Using JJ for the Version Control Operation Audit

So I just wrote about the version control operations that I use day-to-day. My new favourite thing is JJ—a git-compatible version control system that I’ve also written about before—so I thought I would explain how each of these operations are done with JJ.

View what’s about to be committed

So we’re already at a “well, actually” moment, because all changes in JJ are automatically committed, but basically jj diff will do what you want.

Making a commit

You do jj new to start a new commit, jj describe to set the commit message, or jj commit to set the commit message and start a new commit in one go.

Uploading a change to be reviewed

This depends on your workflow, but jj git push --all will upload every branch to your remote. I also use jj git push -c @- to create a new auto-named branch, and jj git push -b 'glob:willhbr/push-*' to upload every auto-named branch. These all sit behind convenient aliases that I’ve mentioned before.
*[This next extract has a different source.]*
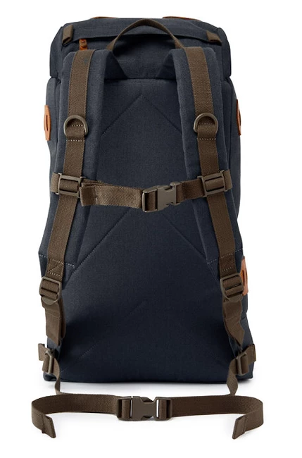 Lo zaino è realizzato in tessuto canvas resistente e i piccoli dettagli, come i passanti per la cerniera e gli occhielli per agganciare materiale aggiuntivo, sono in pelle.
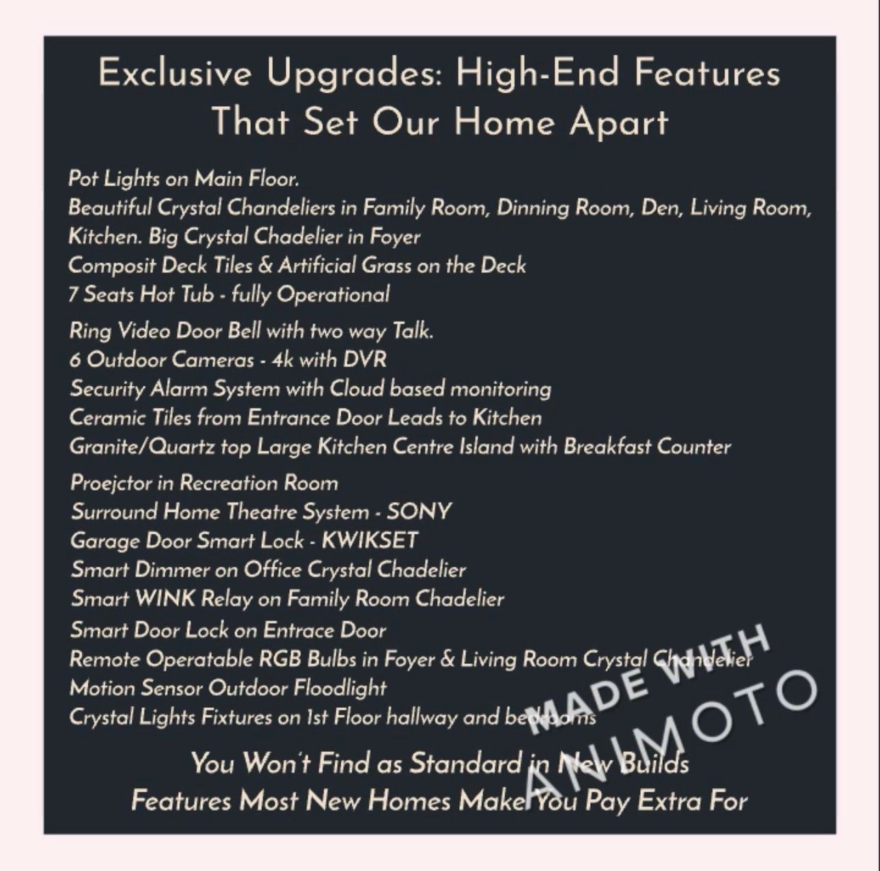 This stunning 4+1 bedroom, 3. 5 bathroom home in the prestigious morgan's grant kanata neighborhood offers 2700 sqft of luxury living space, combining modern comforts and smart home technology, ideal for both family living and entertaining. Key features:grand entrance: high-ceiling foyer with chandelier sets an elegant tone. Spacious living areas: family room with pot lights and chandelier; formal dining room with large windows, recessed lighting, and chandelier. Flexible spaces: main floor den/office, or an additional bedroom if needed. Open concept living and kitchen: modern kitchen with white cabinetry, crystal door knobs, stainless steel appliances, and a large granite island. Pot lights and chandelier create a stylish ambiance. Master suite: large master bedroom with luxurious ensuite featuring a jacuzzi tub. Additional bedrooms: three good-sized upstairs bedrooms, each with ample natural light, plus a well-appointed shared bathroom. Fully finished basement: large recreation room with led pot lights, 1 bedroom, full bathroom, and storage area, perfect for guests or an in-law suite. Outdoor living: deck, covered hot tub area, and storage shed for relaxation and entertaining. Additional features:smart home technology: app-controlled lighting, thermostat, door lock, and ring doorbell. Cctv system with 6 outdoor 4k cameras. Entertainment ready: basement with built-in projector, sony home theater system, subwoofer, and speakers. Exterior enhancements: motion-sensor lighting, led pot lights around the house, and a digital address sign. High-efficiency upgrades: new furnace (2021) and owned tankless water heater. Impressive interior: crystal light fixtures, hardwood floors, and window blinds. Bright and airy: large windows fill the home with natural light. Location: convenient access to kanatas business district, parks, golf courses, top-rated schools, and only a 25-minute drive to downtown ottawa. Closing date: flexible.

If you’re submitting a change to someone else’s repo via your own fork, it works really well to set the upstream remote to be theirs, and origin to be yours, then edit the repo config to pull from upstream and push to origin:

[git]
push = "origin"
fetch = "upstream"

Altering a change based on code review feedback

You can do this a few ways:

jj edit $change to swap your working copy to point to the change you want to alter, but this makes it a little trickier to see what your alterations are since you’re editing the change directly (jj diff will show the diff for the whole change). There are ways around this using jj obslog but that’s more work.
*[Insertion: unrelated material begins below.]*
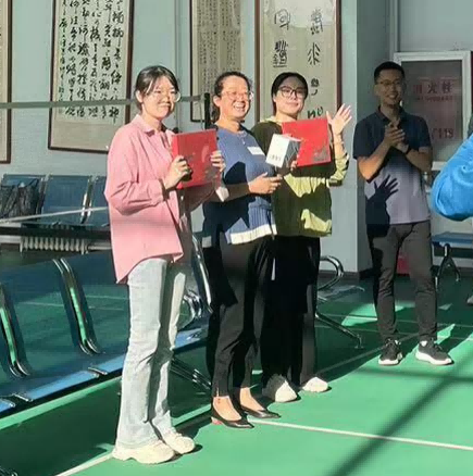 第二部分是趣味运动会,分为踢毽子、跳绳、乒乓球往返跑三个部分,30秒计时一分段,三人一组,学生与老师自由组队,小组间进行了激烈角逐,院长为获得第一名的队伍颁发奖品。

jj new $change will create a new change on top of the target you want to alter. You can make changes, view the diff compared to the target (the parent) with jj diff, and then do jj amend to move the changes into the target.

Of course you could just do jj new anywhere, make your edits, and then do jj squash --into $change to move the changes. This works from anywhere to anywhere1. This does run an increased risk of creating conflicts, but you should live dangerously every once in a while.
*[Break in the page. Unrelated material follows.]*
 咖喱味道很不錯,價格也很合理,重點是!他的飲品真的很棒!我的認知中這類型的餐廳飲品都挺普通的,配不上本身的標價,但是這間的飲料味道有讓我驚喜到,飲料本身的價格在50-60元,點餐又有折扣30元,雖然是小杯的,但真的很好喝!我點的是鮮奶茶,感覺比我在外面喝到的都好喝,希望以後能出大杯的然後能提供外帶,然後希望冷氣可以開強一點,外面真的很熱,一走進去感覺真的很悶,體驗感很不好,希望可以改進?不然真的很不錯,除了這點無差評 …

Revert a file back to the original state

Either jj restore --from=$change <paths>, or jj diffedit (I haven’t used that one).

Alternatively I just do jj split and then jj abandon on the commit that has the changes I don’t want.

Splitting a change in two

It’s just jj split. No tricks.

Merging two changes into one

I’d like to be able to do this with a murcurial-style histedit-and-fold, but JJ doesn’t have histedit yet so the next best thing is jj squash --from $a --into $b, and then jj abandon the empty commit.

Writing dependent changes

The depends on the review system you’re using, but in the common branch-based ones (GitHub/GitLab) you just use jj git push -c $change to create a branch that can be uploaded for review. This won’t move as you add more commits, so you don’t have to remember to branch before you continue working.

Reordering dependent changes

JJ doesn’t have a mercurial histedit command (yet), so I’d do this with multiple rebase -s X -d Y invocations. This is less than ideal, but gets the job done.

Make a dependent change independent

jj rebase -r @ -d main will pop the working copy change off its parent and put it on top of main.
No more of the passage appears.